義務教育期間中1回も眼科耳鼻科健診がない?

もう少しで、学校健診も終わりになります。開業当初は18校も受け持って昼休みもなく駆け回っていたころを思いますと、今は7校ですから、楽になりました。

多くの方は就学時から始まって高校3年まで毎年のように春に内科、歯科、耳鼻科、眼科の4科の学校検診を受けていると思います。ところが同じ群馬県で義務教育期間中9年間1回も耳鼻科、眼科の健診を受けられない児童生徒がいるのです。

前橋、高崎、太田、伊勢崎、桐生などの都市部では眼科耳鼻科医も充足しており、予算もあるため毎年の健診が受けられます。また、「行政上のへき地」にしてされている学校には「へき地巡回健診」という制度があります。これは群馬県の素晴らしい制度です。都市部の耳鼻科医、眼科医が登録して、順番に小学校6年間で2回中学校3年間で1回、学校に出向いて健診を行っています。不充分かもしれませんが、全く健診が無いよりはましかなと思っています。

問題なのは、都市部ほど予算などに余裕がなく、へき地指定にされていない中間部の市や町では内科の先生が兼任しているのが実情です。耳鼻科は特に専門性が高く内科の先生が耳、鼻、喉のすべてを診るのは大変かと思います。文部科学省に聞きますと、4科分の予算は地方交付金で配布していると答えます。実際は地方議会で予算の配分を決めますので、3科分は他の用途に使われているのでしょう。一度他に予算が回ってしまいますと取り戻すのは至難の業のようです。

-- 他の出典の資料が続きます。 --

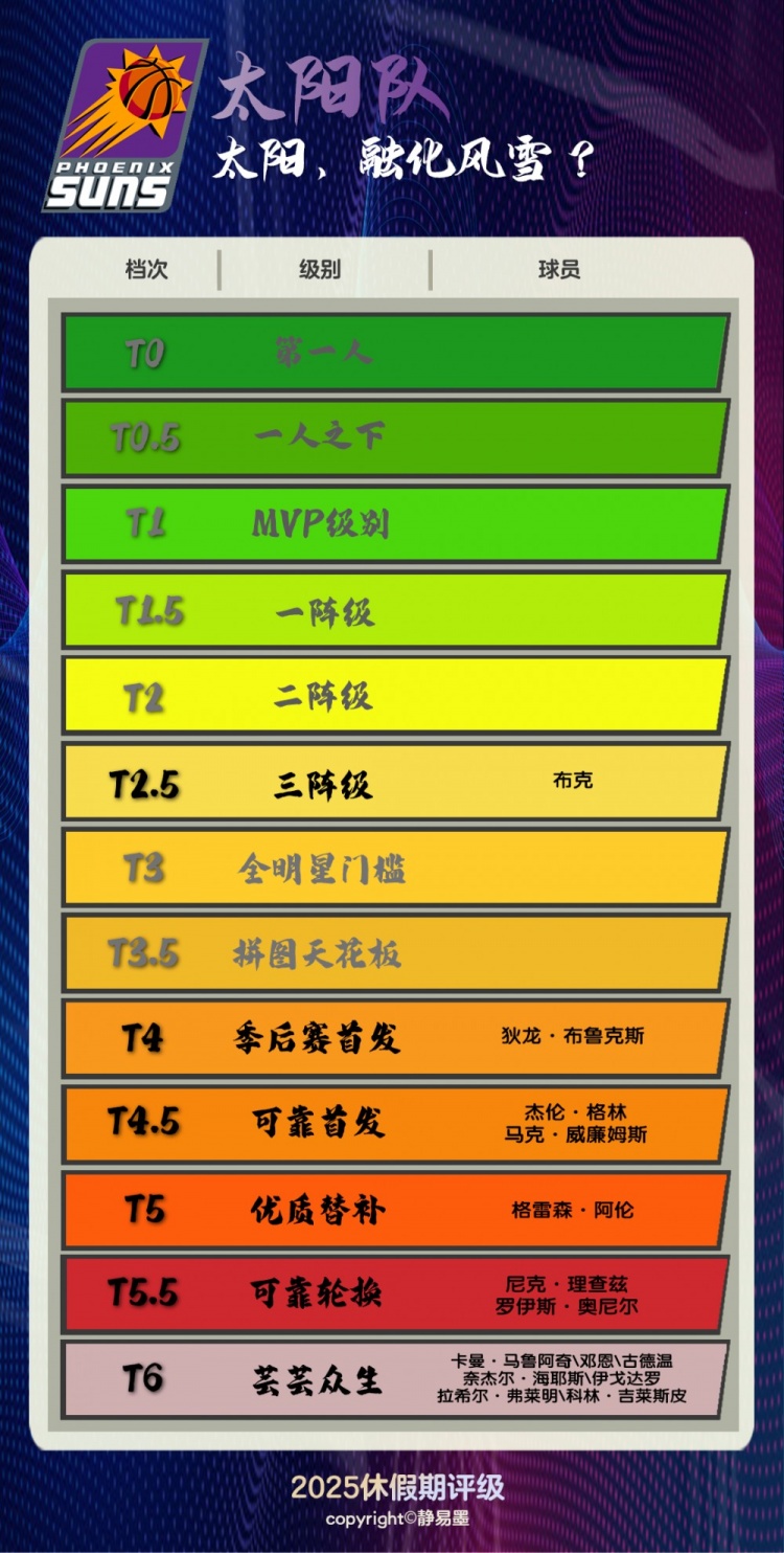 杜兰特交易完成后,太阳就不能犯错了。他们必须用剩余有限的资源获取尽可能优质的战力,并祈祷他们的核心团队足够健康,在杜兰特的合同期内完成对冠军奖杯的冲击。争冠从来不是100%的事情,但赌上一切的建队方式决定了,太阳不太好承受未达100%的那部分伤害;

高崎市や伊勢崎市では手厚く学校検診を行っているのに、川一つ挟んでお隣の藤岡市では9年間全く耳鼻科眼科の健診が無いという現実を見ますと、住んでいる場所で子供たちの健診に格差が生じていいのかという気持ちになります。行政の問題になりますので、一開業医ではどうにもならず、歯がゆい思いになります。早く議会で予算が付けばよいなと思っています。